Find Chinese, 1 law into UTF8 string, other characters outside the Chinese characters do not do processing, the original output. If you need an initial, just output the first character of the pinyin. As long as the data are accurate, the comparison is easy. Before the letter, the number (ai4) will be in front of the letter (ang2), while the number of digits in the stroke sequence value represents the number of strokes, and the value corresponds to the stroke weight. By directly comparing the number size, the correct order can be obtained. The code is as follows:


# Compare single character 
def comp_char_PY(A,B):
  if A==B:
    return -1
  pyA=searchdict(dic_py,A)
  pyB=searchdict(dic_py,B)
  if pyA > pyB:
    return 1
  elif pyA < pyB:
    return 0
  else:
    bhA=eval(searchdict(dic_bh,A))
    bhB=eval(searchdict(dic_bh,B))
    if bhA > bhB:
      return 1
    elif bhA < bhB:
      return 0
    else:
      return 'Are you kidding?'
# Comparison string 
def comp_char(A,B):
  charA = A.decode('utf-8')
  charB = B.decode('utf-8')
  n=min(len(charA),len(charB))
  i=0
  while i < n:
    dd=comp_char_PY(charA[i],charB[i])
    if dd == -1:
      i=i+1
      if i==n:
        dd=len(charA)>len(charB)
    else:
      break
  return dd
#  Sorting function 
def cnsort(nline):
  n = len(nline)
  lines='\n'.join(nline)
  for i in range(1, n): # Insertion method 
    tmp = nline[i]
    j = i
    while j > 0 and comp_char(nline[j-1],tmp):
      nline[j] = nline[j-1]
      j -= 1
    nline[j] = tmp
  return nline

Now we can rank Chinese according to the dictionary specification.


char=[' zhao ',' money ',' Sun. ',' li ',' measure ']
char=cnsort(char)
for item in char:
  print item.decode('utf-8').encode('gb2312')

Finally got "li qian she sun zhao", sample file click here to download.

I'm not taking the polyphonic case into account here. If you want to make the program recognize automatically, you can add a polyphonic phrase comparison table to judge by the context.

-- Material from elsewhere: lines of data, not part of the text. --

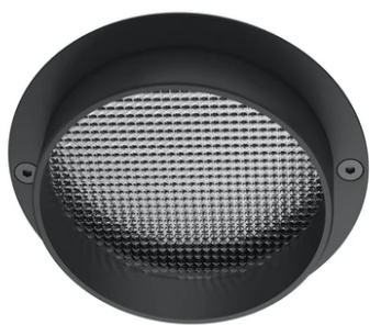
Spot visor with flood lens F001Z040000
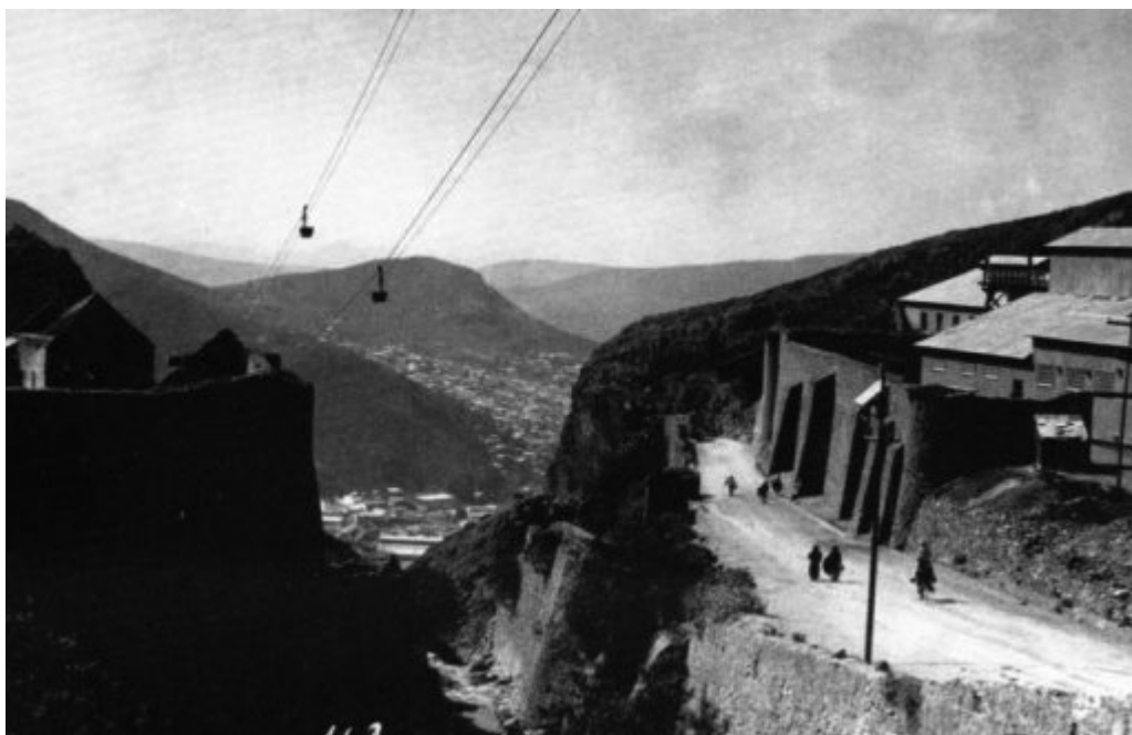
Sistema teleférico para transportar el mineral.

Coahuila recuperó la posesión de esa porción de su territorio después de una larga disputa. Sin embargo, hay que mencionar que la riqueza de las minas duró poco.
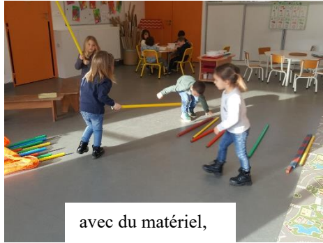
avec du matériel,
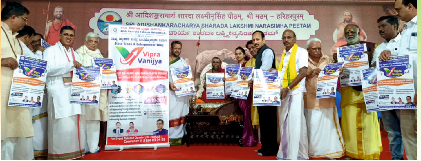
ಹಲಿಹರಪುರ ಶ್ರೀಗಣಂದ ವಾಣಿಜ್ಯೋದ್ಯಮಿಗಳ ಬೆಂಗಳೂರು ಸಮಾವೇಶದ ಅಧಿಕೃತ ಭತ್ತಿಷತ್ರ ಬಡುಗಡೆ
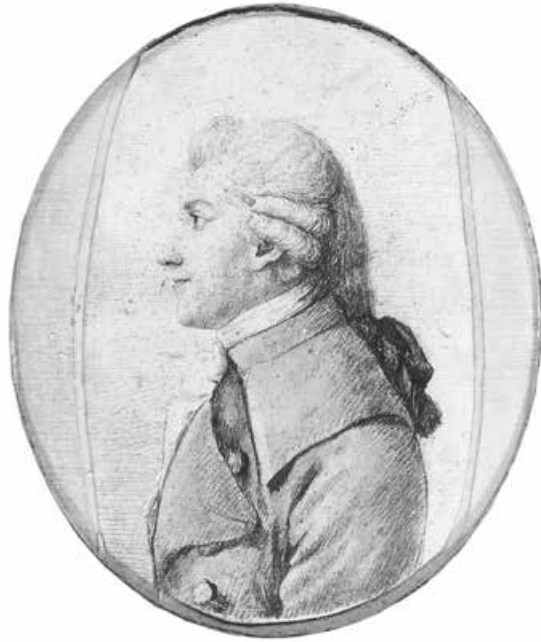
Abb. 22: Christian Gottfried Körner (?) von Gustav Georg Endner (?), Ende 18. Jh. 9 × 5,7 cm (Städtische Galerie Dresden, Kunstsammlung)

I don't know where there is such data, but for the case of not too many polyphonic words, manual adjustment is enough.

PS: here are two more practical online sorting tools for your reference:

Online alphabetical sorting tool:
http://tools.ofstack.com/aideddesign/zh_paixu

Online reverse text sorting tool:
http://tools.ofstack.com/aideddesign/flipped_txt

More about Python related content to view this site project: the Python regular expression usage summary ", "Python data structure and algorithm tutorial", "Python Socket programming skills summary", "Python function using techniques", "Python string skills summary", "Python introduction and advanced tutorial" and "Python file and directory skills summary"

I hope this article is helpful to you Python programming.